# Web Scraping
* Many sources of information on the internet are presented for purely human consumption on a web page.
* This can either be intentional or unintentional.
* Even though websites appear to be highly unstructured, the underlying language HTML cannot be.
    * We can take advantage of this fact to generate structured datasets from the "unstructured" website
    
## Legal Disclaimer
* The legality of webscraping is a subject for debate and varies on a case by case basis, we need to be cognizant of this when engaging in such practices:
    * http://www.prowebscraper.com/blog/six-compelling-facts-about-legality-of-web-scraping/
    
* Be sure to consult the ToS to see if there are violations by scraping the website.
    
* If it's allowed, a general rule of thumb is to not be disruptive/damaging to the service freely providing the information, i.e. if you decide to scrape a website don't send more requests than is reasonable for a human browsing the website.
    
## Overview

* We use both the requests library (seen previously) and a library called "Beautiful Soup" used commonly for webscraping in python.

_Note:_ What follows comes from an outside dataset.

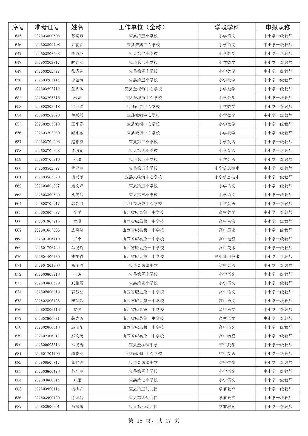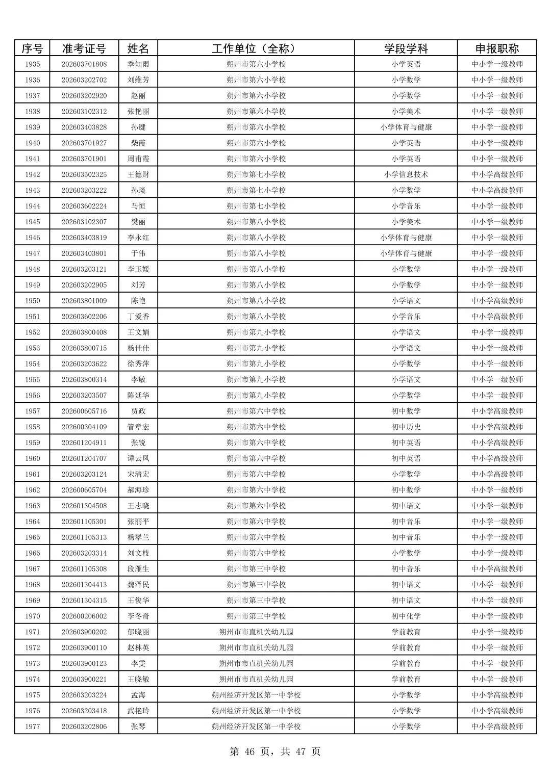 附件:2025年度朔州市中小学教师专业技术职称任职资格考试合格人员名单

* We will introduce the basic concepts on a "scraping sandbox" that is provided by scraping web service:  http://toscrape.com/

* More specifically we will focus on the "book store example" http://books.toscrape.com/

# The Madeup Bookstore

* Suppose we want to create an algorithm for selecting the next book we want to buy and read.
    * lets keep it simple like stars per dollar!
* There's no API from this bookstore so we'd either need to go through and manually enter data into a spreadsheet!
* Alternatively we can have the computer take care of this tedious work, we just need to be clever about it!

## Get the data

In [None]:
import requests
import pandas as pd
from bs4 import BeautifulSoup
import time

In [None]:
content = requests.get('http://books.toscrape.com/')

In [None]:
print(content.content)

## Make sense of the data

* This is clearly a mess so how do we make sense of it??
* The answer is beautiful soup!
    * HTML parsing library that's pretty easy to use

In [None]:
soup = BeautifulSoup(content.content)

## Grabbing the elements we care about

In [None]:
pods = soup.find_all('article',class_="product_pod")

In [None]:
print(pods[0])

In [None]:
# Okay now we can find the title
pods[0].find('h3').find('a').get('title')


In [None]:
# Okay now we can find ratings
pods[0].find('p',class_='star-rating').get('class')[1]

In [None]:
# bingo we got the price!
pods[0].find('p',class_="price_color").text

## Getting more than one Book

In [None]:
def switch_stars(stars):
    
    s = stars.lower().strip()
    
    if s == 'one':
        return 1
    elif s == 'two':
        return 2
    elif s == 'three':
        return 3
    elif s == 'four':
        return 4
    elif s == 'five':
        return 5
    else:
        return 0

In [None]:
def parse_pods(pods):

    data = {'titles':[],
            'stars':[],
            'price':[]}

    for pod in pods:

        title = pod.find('h3').find('a').get('title')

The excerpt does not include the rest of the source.